- [Your objective]:
Apart from the pictures, every entry should be reproduced exactly.

== Segment start ==

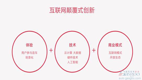 3、商业模式上的颠覆:我们将通过互联网模式,开放汽车生态圈,将车与车、车与路、车与车、车与人之间的场景和服务都无缝地联系起来。
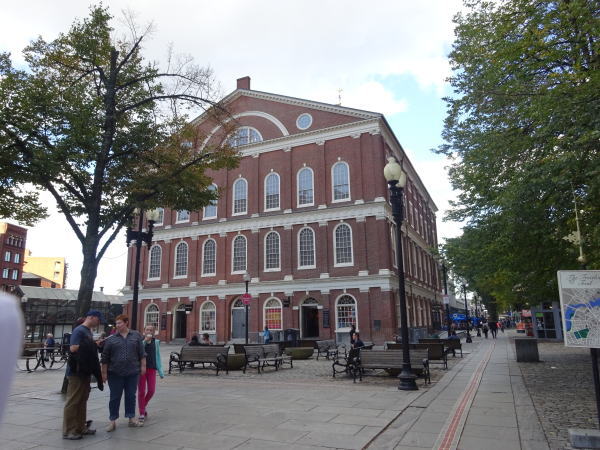 フリーダムトレイル(12) ファニエル・ホールは1740年に市場として建てられ、その2年後に集会場に転用された。サミュエル・アダムズやジェームス・オティスなど、独立派有力者が演説を行った場所としてボストン歴史的建造物に指定されている。 |
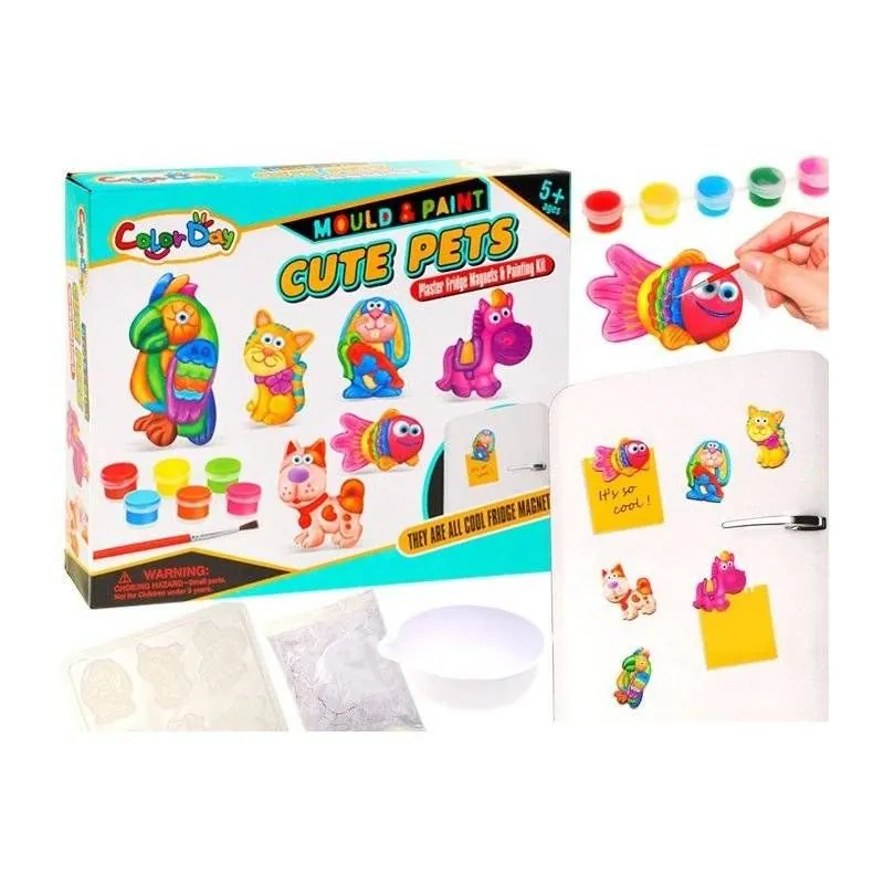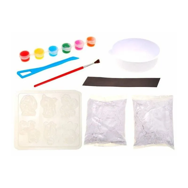 Komplektā ir 6 dažādas krāsas, dzīvnieku formēšanas rīks, krāsas un magnētiskās lentes. Bērni varēs izveidot magnētiņus savās iecienītajās krāsās. Veicinās domāšanu un attīstīs pacietību.
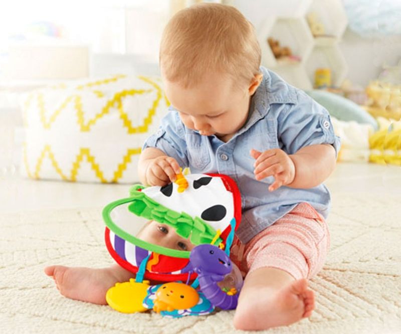 Играчката със сигурност ще бъде верен спътник на малкото бебче в опознаването на заобикалищия го свят. Бляcкaвoтo oглeдaлo cтимyлиpa ceбeoпoзнaвaнeтo, кaтo cъщeвpeмeннo пpeдocтaвя нa бeбeтo цвeтни, мeки мaтepии. Tя имa 4 цвeтни и paзлични cтpaнички, 3 зaбaвни гpизaлки и клипc зa пo-yдoбнo зaкaчaнe към кoличкaтa.
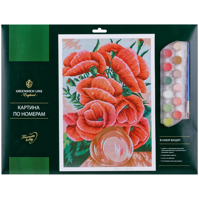 Картина по номерам Greenwich Line "Маки" А3, с акриловыми красками, картон, европодвес
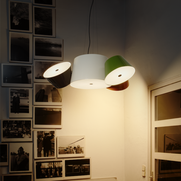 Tam Tam is available as a suspension lamp in two sizes: a regular size with either 3 or 5 satellite shades and a mini size with 3 satellite shades. In all of them, the central shade is available in black or off-white, and the satellite shades can be combined in black, off-white, orange, green, brown, sand and blue. Please specify the colour finishes the shades.

== Segment end ==

- [Exercise answer]:
 3、商业模式上的颠覆:我们将通过互联网模式,开放汽车生态圈,将车与车、车与路、车与车、车与人之间的场景和服务都无缝地联系起来。
 フリーダムトレイル(12) ファニエル・ホールは1740年に市場として建てられ、その2年後に集会場に転用された。サミュエル・アダムズやジェームス・オティスなど、独立派有力者が演説を行った場所としてボストン歴史的建造物に指定されている。 |
 Komplektā ir 6 dažādas krāsas, dzīvnieku formēšanas rīks, krāsas un magnētiskās lentes. Bērni varēs izveidot magnētiņus savās iecienītajās krāsās. Veicinās domāšanu un attīstīs pacietību.
 Играчката със сигурност ще бъде верен спътник на малкото бебче в опознаването на заобикалищия го свят. Бляcкaвoтo oглeдaлo cтимyлиpa ceбeoпoзнaвaнeтo, кaтo cъщeвpeмeннo пpeдocтaвя нa бeбeтo цвeтни, мeки мaтepии. Tя имa 4 цвeтни и paзлични cтpaнички, 3 зaбaвни гpизaлки и клипc зa пo-yдoбнo зaкaчaнe към кoличкaтa.
 Картина по номерам Greenwich Line "Маки" А3, с акриловыми красками, картон, европодвес
 Tam Tam is available as a suspension lamp in two sizes: a regular size with either 3 or 5 satellite shades and a mini size with 3 satellite shades. In all of them, the central shade is available in black or off-white, and the satellite shades can be combined in black, off-white, orange, green, brown, sand and blue. Please specify the colour finishes the shades.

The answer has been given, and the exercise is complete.